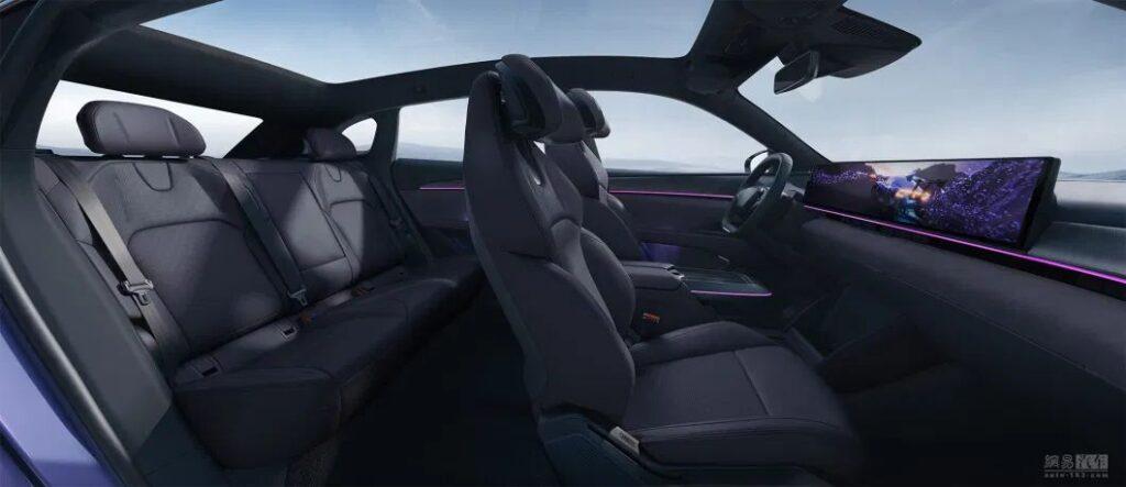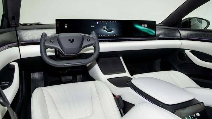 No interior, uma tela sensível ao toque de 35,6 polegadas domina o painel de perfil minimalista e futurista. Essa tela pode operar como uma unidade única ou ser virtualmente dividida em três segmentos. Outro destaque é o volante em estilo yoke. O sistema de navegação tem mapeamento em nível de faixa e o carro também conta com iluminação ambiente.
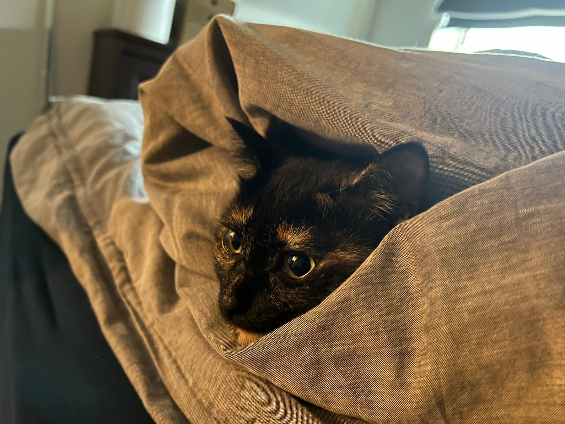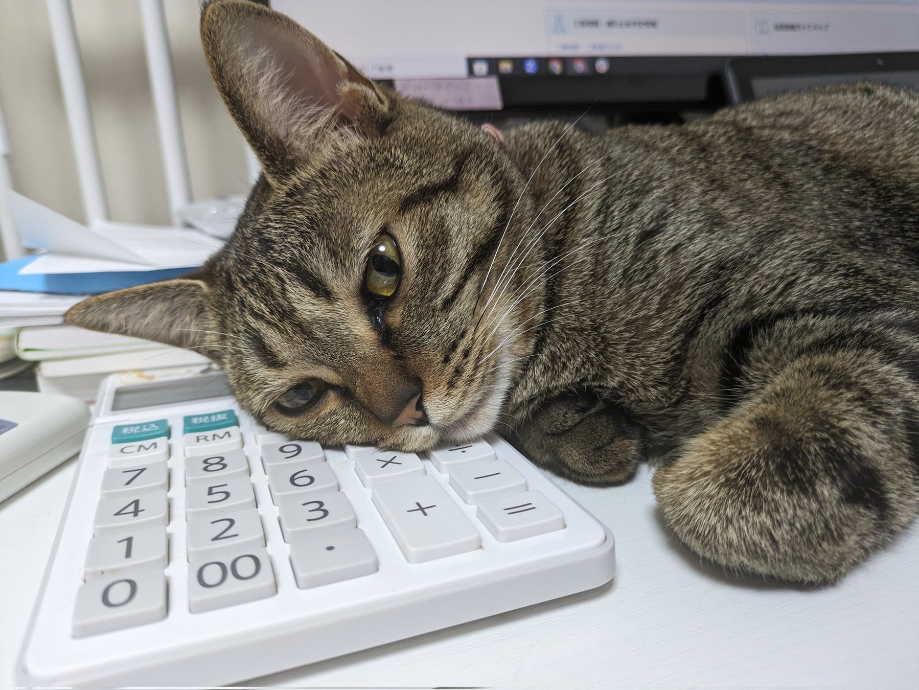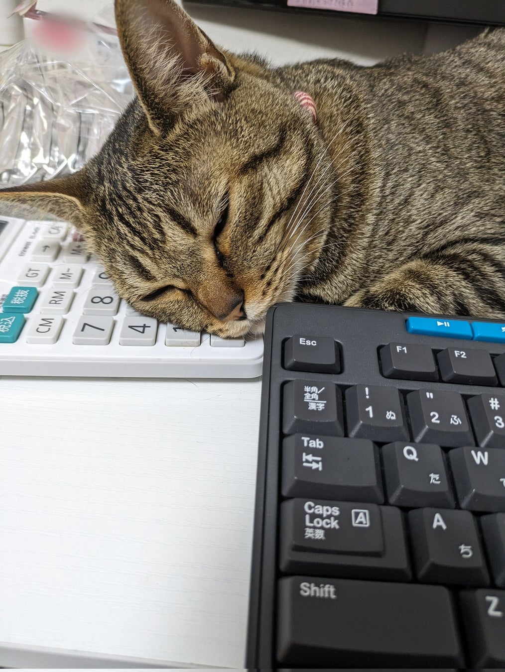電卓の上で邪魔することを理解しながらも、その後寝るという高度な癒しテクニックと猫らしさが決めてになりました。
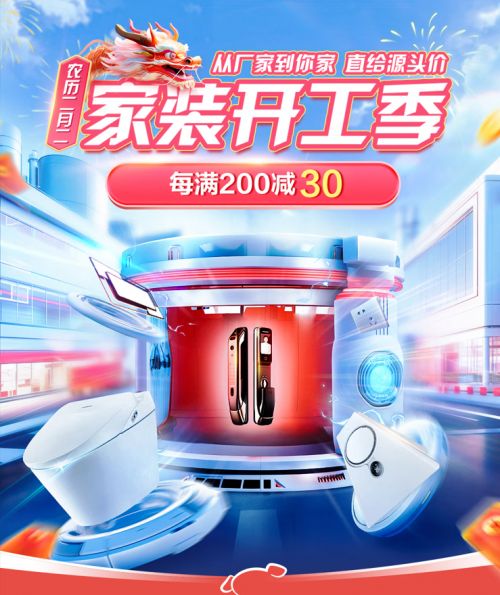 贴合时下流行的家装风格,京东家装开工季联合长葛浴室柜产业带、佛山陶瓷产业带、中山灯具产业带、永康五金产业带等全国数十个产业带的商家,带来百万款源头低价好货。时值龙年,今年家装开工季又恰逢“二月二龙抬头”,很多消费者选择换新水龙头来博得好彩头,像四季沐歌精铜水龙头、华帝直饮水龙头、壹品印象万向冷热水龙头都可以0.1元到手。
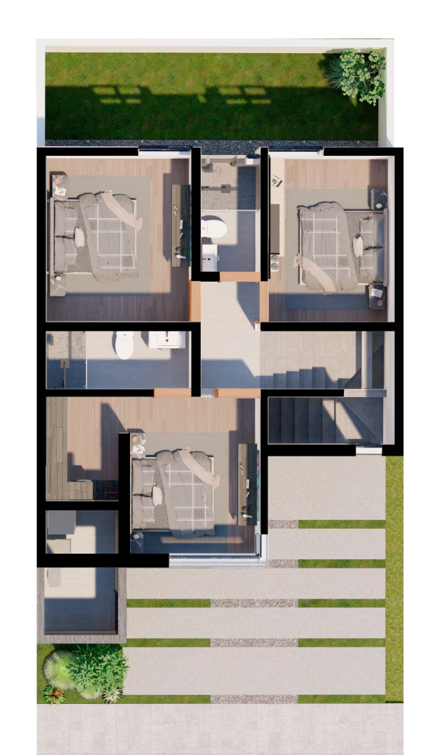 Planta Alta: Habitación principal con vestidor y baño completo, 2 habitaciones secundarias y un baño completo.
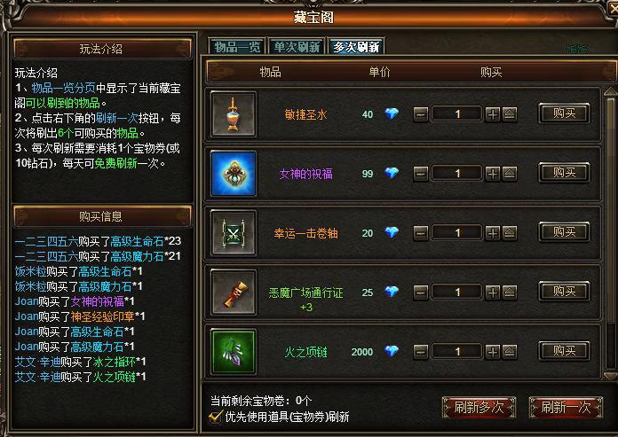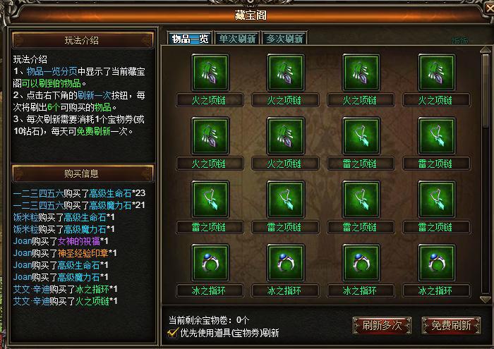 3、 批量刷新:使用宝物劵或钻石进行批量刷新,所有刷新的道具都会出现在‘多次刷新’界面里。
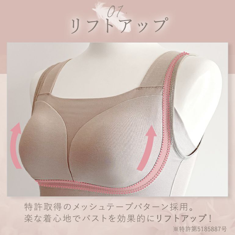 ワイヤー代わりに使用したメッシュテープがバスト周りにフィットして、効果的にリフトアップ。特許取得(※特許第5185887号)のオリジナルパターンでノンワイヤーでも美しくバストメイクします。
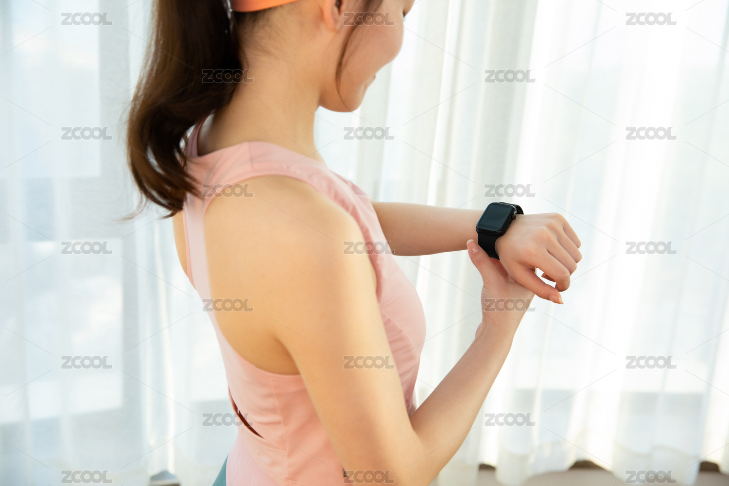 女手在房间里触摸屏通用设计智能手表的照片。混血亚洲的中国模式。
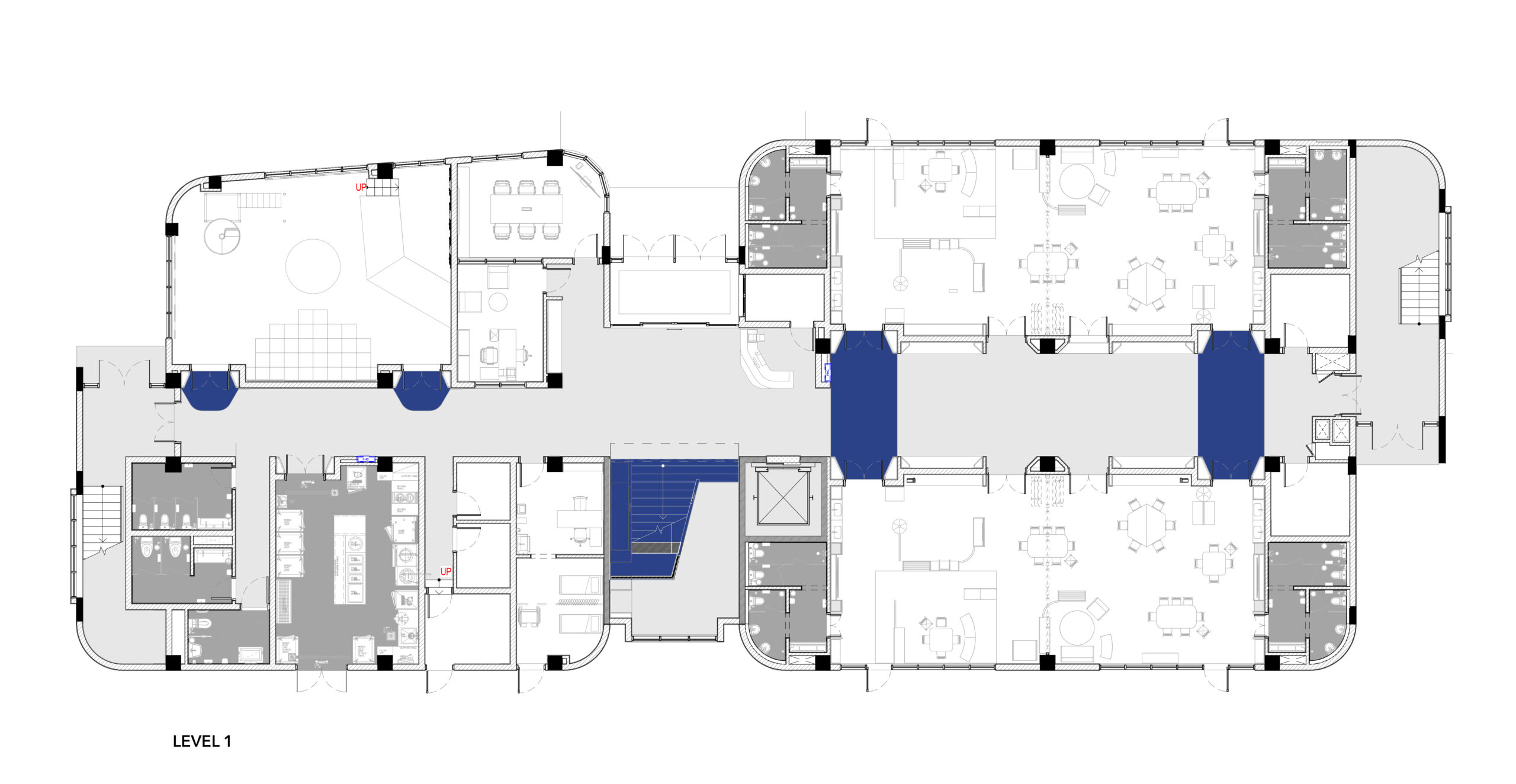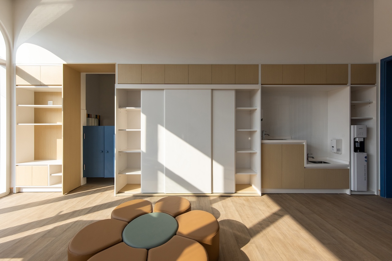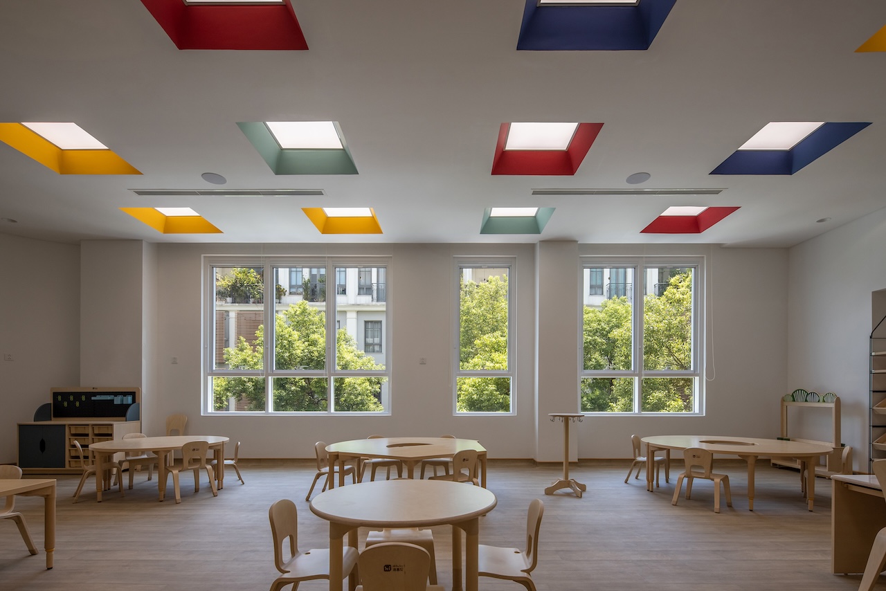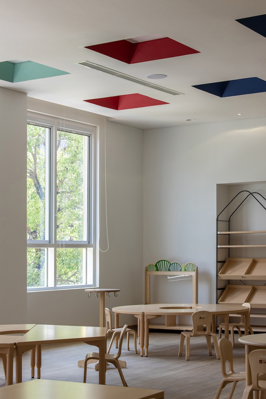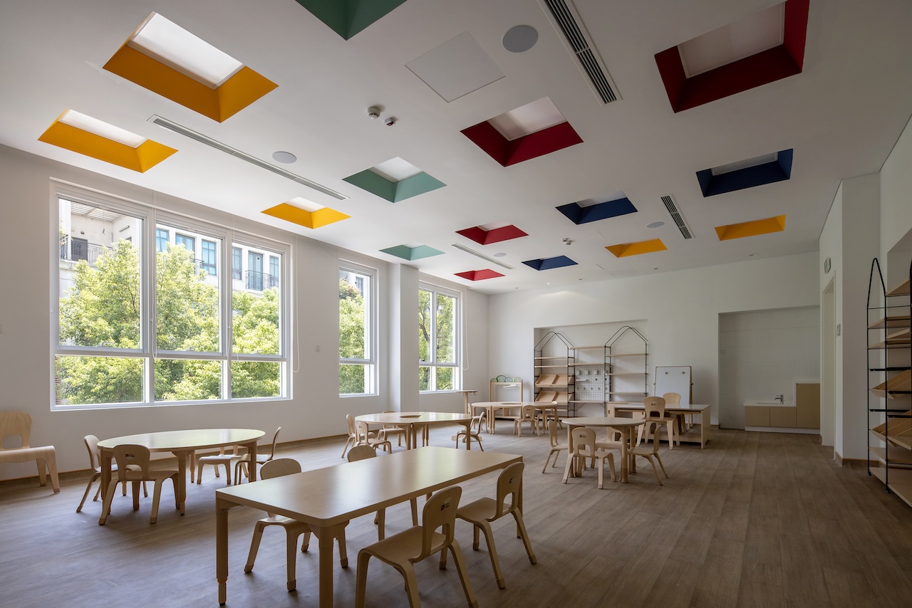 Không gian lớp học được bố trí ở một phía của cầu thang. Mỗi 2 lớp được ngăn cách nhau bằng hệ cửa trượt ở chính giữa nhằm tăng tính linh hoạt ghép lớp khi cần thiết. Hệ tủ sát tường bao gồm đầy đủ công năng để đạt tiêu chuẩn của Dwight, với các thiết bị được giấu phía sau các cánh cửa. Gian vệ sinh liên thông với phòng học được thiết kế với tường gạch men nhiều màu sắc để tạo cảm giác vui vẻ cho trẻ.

_ _ _ _ _

Task details: Please write out every record above exactly, but leave the pictures out.

Exercise solution:
 No interior, uma tela sensível ao toque de 35,6 polegadas domina o painel de perfil minimalista e futurista. Essa tela pode operar como uma unidade única ou ser virtualmente dividida em três segmentos. Outro destaque é o volante em estilo yoke. O sistema de navegação tem mapeamento em nível de faixa e o carro também conta com iluminação ambiente.
電卓の上で邪魔することを理解しながらも、その後寝るという高度な癒しテクニックと猫らしさが決めてになりました。
 贴合时下流行的家装风格,京东家装开工季联合长葛浴室柜产业带、佛山陶瓷产业带、中山灯具产业带、永康五金产业带等全国数十个产业带的商家,带来百万款源头低价好货。时值龙年,今年家装开工季又恰逢“二月二龙抬头”,很多消费者选择换新水龙头来博得好彩头,像四季沐歌精铜水龙头、华帝直饮水龙头、壹品印象万向冷热水龙头都可以0.1元到手。
 Planta Alta: Habitación principal con vestidor y baño completo, 2 habitaciones secundarias y un baño completo.
 3、 批量刷新:使用宝物劵或钻石进行批量刷新,所有刷新的道具都会出现在‘多次刷新’界面里。
 ワイヤー代わりに使用したメッシュテープがバスト周りにフィットして、効果的にリフトアップ。特許取得(※特許第5185887号)のオリジナルパターンでノンワイヤーでも美しくバストメイクします。
 女手在房间里触摸屏通用设计智能手表的照片。混血亚洲的中国模式。
 Không gian lớp học được bố trí ở một phía của cầu thang. Mỗi 2 lớp được ngăn cách nhau bằng hệ cửa trượt ở chính giữa nhằm tăng tính linh hoạt ghép lớp khi cần thiết. Hệ tủ sát tường bao gồm đầy đủ công năng để đạt tiêu chuẩn của Dwight, với các thiết bị được giấu phía sau các cánh cửa. Gian vệ sinh liên thông với phòng học được thiết kế với tường gạch men nhiều màu sắc để tạo cảm giác vui vẻ cho trẻ.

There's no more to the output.